Nog maar luttele maanden geleden was 21.1 kilometer de grootste afstand die ik ooit gelopen had. Een halve marathon was in mijn optiek iets waar met een nauwgezet schema naartoe moest worden getraind. Het was immers een monsterafstand. Een afstand ook die op mijn blazoen niet bepaald tot aansprekende vermeldingen had geleid. Mijn debuut in 2003 leverde een fraaie 1:54:08 op, dat nog wel. Eind 2011 begon ik – na een periode van betrekkelijke stilstand – weer fanatiek te hardlopen en was het voltooien van een tweede halve marathon mijn voornaamste doel. Na een half jaar zeer intensief trainen perste ik in september 2012 in Zoetermeer er een magere 2:06:30 uit – een tijd die zich op geen enkele manier verhield tot mijn vuurdoop 9 jaar daarvoor.
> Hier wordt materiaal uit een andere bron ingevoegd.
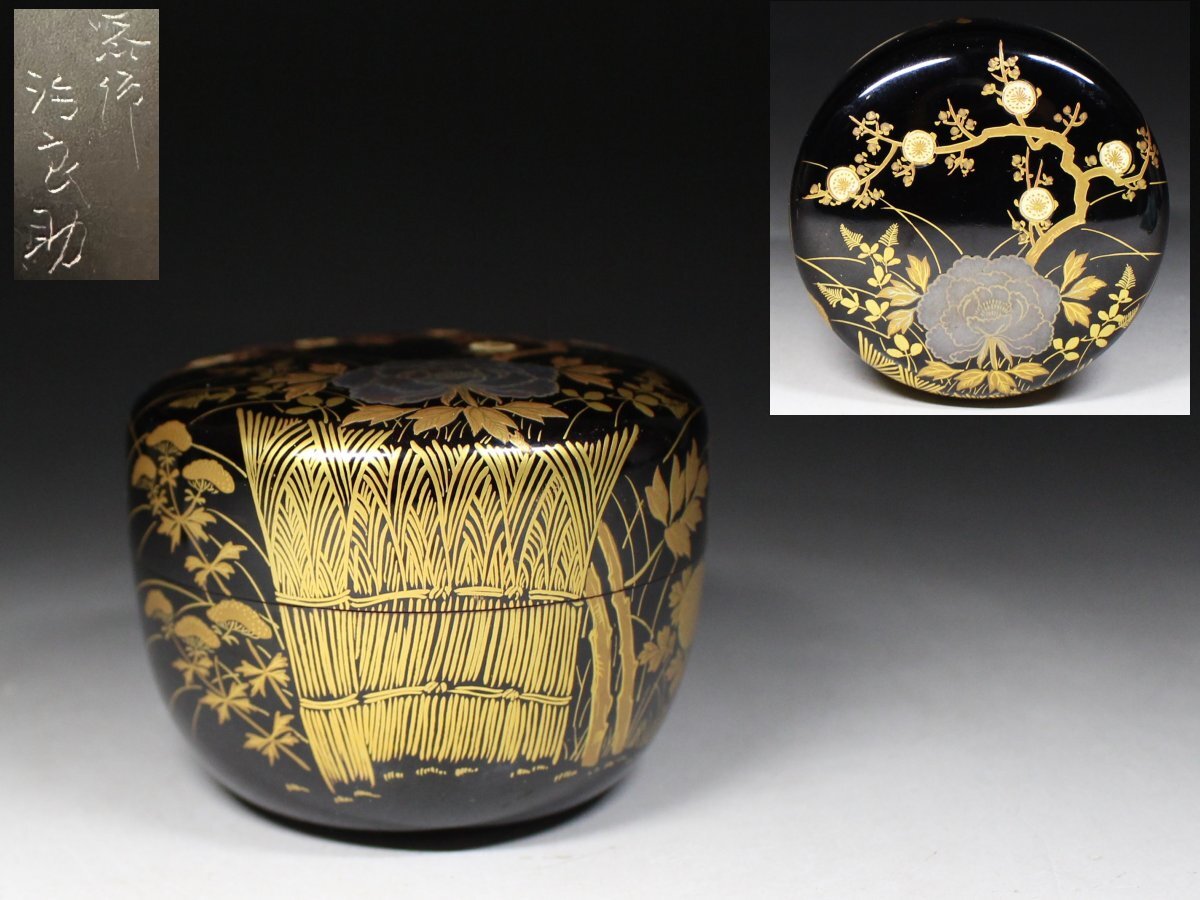 - ▲茶道具・塗師 綿貫治良助 作・四君子蒔絵・大棗・金蒔絵・草花土筆・棗・合わせ箱▲se215h

Ook in de jaren daarna bleef het niet veel soeps qua halve marathons. De tijden gelopen in Amsterdam (2x) en in Den Haag (ook 2x) kwamen maar niet onder die 2-uurgrens, wat ik ook probeerde. Organische doping, synthetische doping, mechanische doping: niets maar dan ook niets hielp. Op andere afstanden zoals de 5, de 10 en de 15 kilometer kon ik (met behulp van diezelfde doping) aansprekender resultaten scoren.
Wat beweegt in vredesnaam iemand met zo’n Halve-Marathon-Struggle om dan tóch de sprong te wagen naar een hele marathon, zo hoor ik U vragen. Welnu, dat vraag ik mij inderdaad ook nog steeds af. En ook psychologen etc. breken zich daar het geleerde hoofd over. Maar wat ik wèl weet is dit: als ik zo iets in mijn hoofd haal, dan gaat dat ook uitgevoerd worden.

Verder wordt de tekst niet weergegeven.